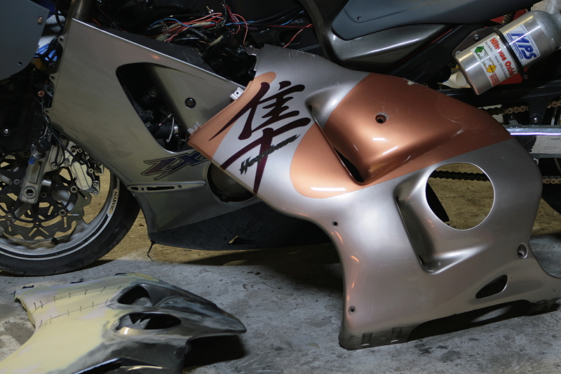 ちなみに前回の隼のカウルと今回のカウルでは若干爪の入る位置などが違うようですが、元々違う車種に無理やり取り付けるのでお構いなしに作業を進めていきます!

==

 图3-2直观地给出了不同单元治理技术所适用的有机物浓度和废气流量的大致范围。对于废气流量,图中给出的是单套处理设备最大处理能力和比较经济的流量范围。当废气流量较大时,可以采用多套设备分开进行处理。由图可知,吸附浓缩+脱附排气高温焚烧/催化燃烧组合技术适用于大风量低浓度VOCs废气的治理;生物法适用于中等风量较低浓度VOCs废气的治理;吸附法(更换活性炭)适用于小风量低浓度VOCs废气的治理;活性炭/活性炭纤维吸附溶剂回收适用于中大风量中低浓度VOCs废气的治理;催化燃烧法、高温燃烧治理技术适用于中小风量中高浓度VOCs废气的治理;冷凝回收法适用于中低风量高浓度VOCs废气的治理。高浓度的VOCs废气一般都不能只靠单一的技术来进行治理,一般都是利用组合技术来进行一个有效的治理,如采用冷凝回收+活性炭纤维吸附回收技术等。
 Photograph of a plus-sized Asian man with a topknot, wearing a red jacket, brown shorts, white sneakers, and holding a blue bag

# What the task requires
Print the lines above from the one with "图3-2直观地给出了不同单元" through the one with "Photograph of a", both included, exactly as written and nothing more.

# Task result
 图3-2直观地给出了不同单元治理技术所适用的有机物浓度和废气流量的大致范围。对于废气流量,图中给出的是单套处理设备最大处理能力和比较经济的流量范围。当废气流量较大时,可以采用多套设备分开进行处理。由图可知,吸附浓缩+脱附排气高温焚烧/催化燃烧组合技术适用于大风量低浓度VOCs废气的治理;生物法适用于中等风量较低浓度VOCs废气的治理;吸附法(更换活性炭)适用于小风量低浓度VOCs废气的治理;活性炭/活性炭纤维吸附溶剂回收适用于中大风量中低浓度VOCs废气的治理;催化燃烧法、高温燃烧治理技术适用于中小风量中高浓度VOCs废气的治理;冷凝回收法适用于中低风量高浓度VOCs废气的治理。高浓度的VOCs废气一般都不能只靠单一的技术来进行治理,一般都是利用组合技术来进行一个有效的治理,如采用冷凝回收+活性炭纤维吸附回收技术等。
 Photograph of a plus-sized Asian man with a topknot, wearing a red jacket, brown shorts, white sneakers, and holding a blue bag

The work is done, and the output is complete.